DOI: 10.23937/2378-3516/1410020

Spontaneous Bacterial Pleuritis from Respiratory Source and High Adenosine Deaminase Level

Alberto Garcia-Zamalloa1*, Mar Zabalo2, Milagros Berruete3, Elena Telleria4, and Arantza Moyua5

1Internal Medicine Service, Policlinica Gipuzkoa, Basque Country, Spain
2Intensive Care Unit, Policlinica Gipuzkoa, Basque Country, Spain
3Biochemistry Laboratory, Policlinica Gipuzkoa, Basque Country, Spain
4Department of Emergencies, Policlinica Gipuzkoa, Basque Country, Spain
5Radiology Service, Policlinica Gipuzkoa, Basque Country, Spain

*Corresponding author: Alberto Garcia-Zamalloa MD, Internal Medicine Service, Policlinica Gipuzkoa, 20009 Gipuzkoa, Spain, Tel: 34-943.002800, E-mail:
Int J Respir Pulm Med, IJRPM-2-020, (Volume 2, Issue 2), Case Report; ISSN: 2378-3516
Received: March 04, 2015 | Accepted: April 04, 2015 | Published: April 08, 2015
Citation: Garcia-Zamalloa A, Zabalo M, Berruete M, Telleria E, Moyua A (2015) Spontaneous Bacterial Pleuritis from Respiratory Source and High Adenosine Deaminase Level. Int J Respir Pulm Med 2:020. 10.23937/2378-3516/1410020
Copyright: © 2015 Garcia-Zamalloa A, et al.
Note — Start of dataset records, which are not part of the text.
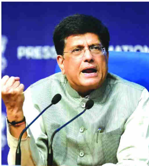
to decouple in certain sectors and certain very important subjects, from overdependence on certain geographies. And therefore India today has resolved to move away from just being the back office of

New Delhi: Commerce and Industry Minister Piyush Goyal on Wednesday said it is important for the country to have resilient supply chains, control over key technologies and reducing overdependence on certain geographies. He said the clarion call to promote swadeshi products is not just about making in India, designing or developing in India as it is key for the country's long-term growth and sovereignty. He added that reducing dependence on foreign technologies, foreign weapons, foreign energy sources and foreign critical technologies is important for the country's growth. "This decade in fact has given us several wake up calls, starting from Covid, how important is to have resilient supply chains, to have your own technologies, control over essential supplies in critical areas. "How important it is
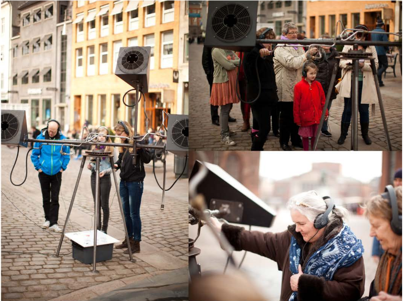
Figure 6. Different forms of interaction and listening.

disjunctive synthetic operations for constituting immediate and at the same time fielding events of experience. The way an entire urban media ecology shifts in its potential through an embodied and affectively engaging process enables us to think such technologies as technologies for emergent experience. At the same time, considerations for emergence have to be complemented with the processes of perishing and its extension of a field of experience, its virtual structuration. The main challenge is not only to make things felt in their immediate presence in experience but also to make their potential ways of causation or continuation a vital and empowering part of it.
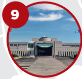
9 War Memorial Complex
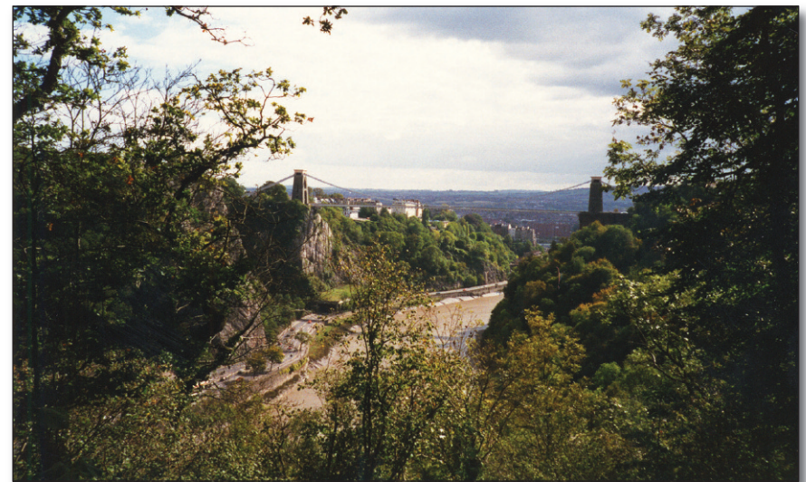
Glimpse of Clifton Suspension Bridge.
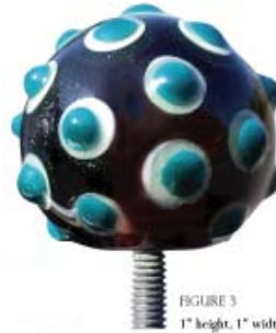
FIGURE 3 1" height, 1" width

Knob 1-NS-52 Teal NS-44 Caramel (dots) NS-38 Intense Blue Green (dots)
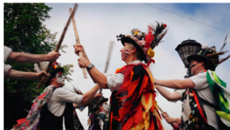
Rushbearing 3 Sowerby Bridge, West Yorkshire "Morris Dancers perform at Rushbearing"
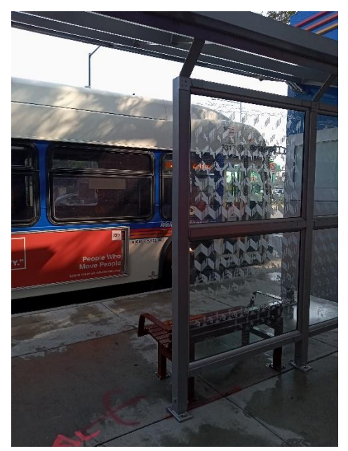
RTD Architect Ignacio Correa-Ortiz checks on progress of installation of the bus shelter at Colfax and Downing.

Windscreen glass at the Colfax and Downing bus stop.
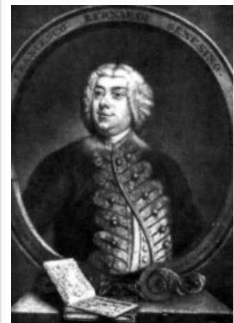
Senesino, the famous castrato from Siena

Handel introduced previously uncommon musical instruments in his works: the viola d'amore and violetta marina ( Orlando ), the lute ( Ode for St. Cecilia's Day ), three trombones (Saul), clarinets or small high cornetts ( Tamerlano ), theorbo, French horn ( Water Music ), lyrichord, double bassoon, viola da gamba, bell chimes, positive organ, and harp ( Giulio Cesare, Alexander's Feast ). [24]
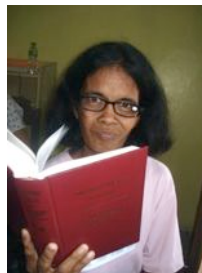
ABOVE – MANY OLDER PEOPLE CAN'T SEE TO READ BECAUSE OF WEAK EYES, SO THE VVM-CMI ALSO ASSISTS BIBLE RECIPIENTS WITH LOW-COST READING GLASSES THROUGH THIS PROJECT SINCE IT DOESN'T DO ANY GOOD TO HAVE A BIBLE IF ONE CAN'T SEE THE WORDS!

IMAGINE HOW MANY SOULS CAN BE PROVIDED THE ETERNAL WORD THROUGH YOUR PARTNERSHIP WITH VVM-I AND VVM-CMI!
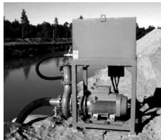
Fresh Water Pump
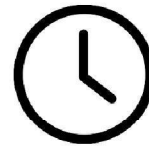
Spread of patients
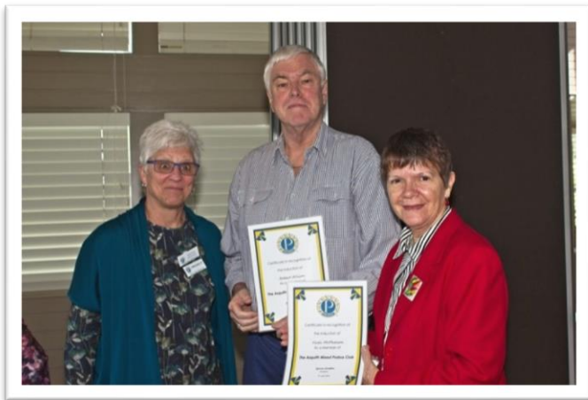
New members were welcomed by our President
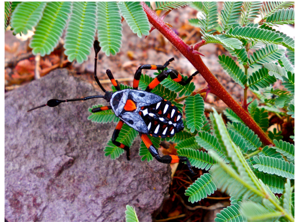
Mesquitebug Nymph
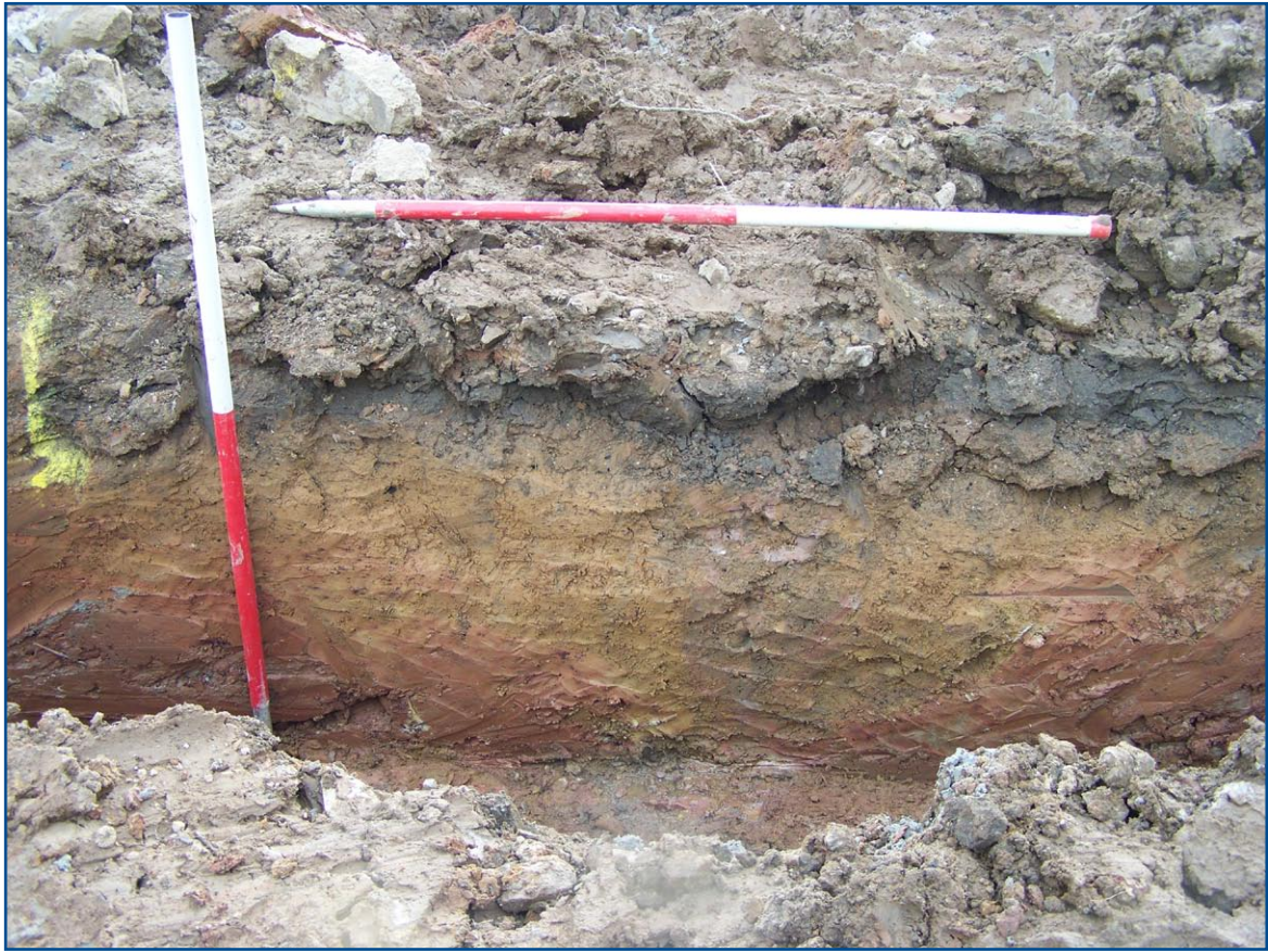
Plate 9: North-facing section, feature [505], from the north

This is an open-access article distributed under the terms of the Creative Commons Attribution License, which permits unrestricted use, distribution, and reproduction in any medium, provided the original author and source are credited.


Spontaneous Bacterial Pleuritis (SBP) is defined as spontaneous infection of a preexisting hepatic hydrothorax [1]. Although spontaneous bacterial peritonitis and SBP are closely related, the latter has seldom been reported and its pathogenesis remains unclear [2]. We present a case of SBP from a respiratory source and which showed an elevated level of Adenosine deaminase (ADA) value in pleural fluid, not previously described in medical literature.

Case Report

An obese 85 year-old woman was admitted to the hospital because of extreme dyspnoea after one week with fever and cough. She had been previously diagnosed with myelodysplastic syndrome, chronic renal failure with creatinine 2 mg/dl, glomerular filtrate 25 ml/min; and cirrhosis with moderate persistent ascites despite diuretic treatment and mild pleural effusion reaching a fifth of the right hemithorax.

On examination the temperature was 37.9ºC, the blood pressure 110/70 and pulse rate 110 beats per minute. She was somnolent but arousable with verbal stimuli. Flapping was not evident. Hypophonesis on the right hemithorax was evident on auscultation. There were no clinical signs of ascites or peripheral edema.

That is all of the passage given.